On June 24, the CEU community and special guests gathered in the Museum for Applied Arts in Vienna to inaugurate the University's sixth President and Rector, Shalini Randeria.
American-born Indian social anthropologist/sociologist Shalini Randeria has had a distinguished academic career at institutions of higher education across Europe. She was Rector of the Institute for Human Sciences (IWM) in Vienna and Professor of Social Anthropology and Sociology at the Graduate Institute of International and Development Studies (IHEID) in Geneva, where she was also Director of the Albert Hirschman Centre on Democracy. She holds the Excellence Chair at the University of Bremen, where she leads a research group on “soft authoritarianisms”.
She was educated at the Universities of Delhi, Heidelberg and Oxford, where she belonged to the first cohort of women Rhodes Scholars. She received her PhD and her Habilitation from the Free University of Berlin. She has held faculty positions at the Free University, Berlin; the University of Munich and University of Zurich, where she was Professor of Social Anthropology and Co-Director of the Gender Studies Competence Centre. She was Founding Chair of CEU’s Department of Sociology and Social Anthropology in Budapest.
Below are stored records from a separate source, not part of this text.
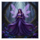 Eine wunderschöne Fee mit fließendem lila Kleid und eine Halskette aus Amatysten mit Violetten in ihren langen lila Haaren und lila Libellen, die eine Violette tragen, steht in einem zauberhaften Wald, umgeben von bunten Pilzen, Blume und mossy, von Weinreben bewachsenen Bäumen.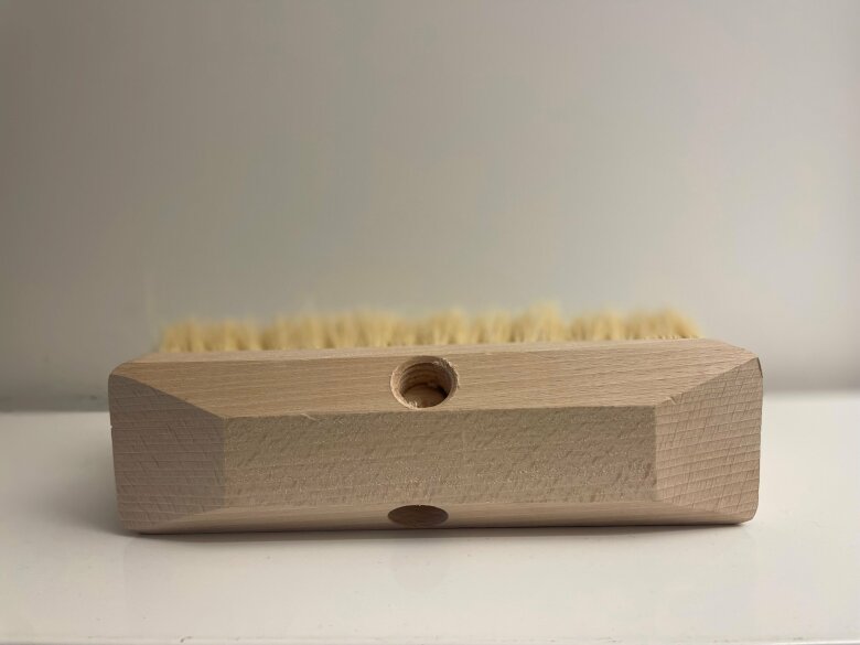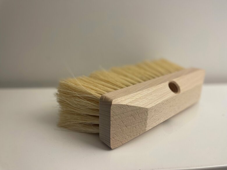 • En hornsugga med kraftiga naturborst och ett skaft av trä. Borsten har en tjo...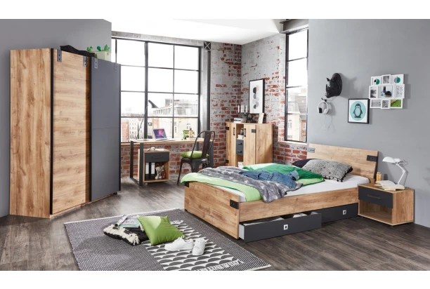 Šatník o šírke 180 cm s posuvnými dverami z kolekcie Liverpool – moderný nábytok v duchu mestského industriálneho štýlu si obľúbia nielen mladí ľudia. Útulný dubový drevodekor dopĺňajú plochy tmavého grafitu a čierne kovové aplikácie.

Currently she is Deputy Chair of the Class of Social and Related Sciences, Academia Europaea; Distinguished Fellow of the Munk School of Global Affairs, University of Toronto, Canada and Distinguished Visiting Fellow of IIASA, Laxenburg, Austria; serves on the Board of European Forum Alpbach and is Member of the International Advisory Panel on Population and Development, UNFPA EECA group. She has served more recently on the CEU’s Board of Trustees.
Watch the ceremony:
“We are most fortunate to welcome a President who is a world-reknown scholar on democracy and civil society,” our Co-Director Renata Uitz said at the inauguration.
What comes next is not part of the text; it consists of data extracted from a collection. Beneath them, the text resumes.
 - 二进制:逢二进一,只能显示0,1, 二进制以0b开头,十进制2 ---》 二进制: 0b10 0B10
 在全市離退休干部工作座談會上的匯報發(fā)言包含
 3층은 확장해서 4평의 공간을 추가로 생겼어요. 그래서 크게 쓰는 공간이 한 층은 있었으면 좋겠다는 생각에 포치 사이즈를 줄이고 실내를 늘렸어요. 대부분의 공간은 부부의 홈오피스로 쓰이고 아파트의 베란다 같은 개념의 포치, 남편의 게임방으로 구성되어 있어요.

“CEU’s Vienna campus was founded as a sanctuary for critical thinking amidst a global wave of autocratization. The decision to open the Democracy Institute in Budapest is not a mere gesture of defiance — it is a reminder that democracy is a fragile theoretical and practical construct. The stakes of our research are highlighted by Russian aggression in Ukraine. And we are committed to doing our best work in the face of a frontal attack on liberal democracy and open society,” she added.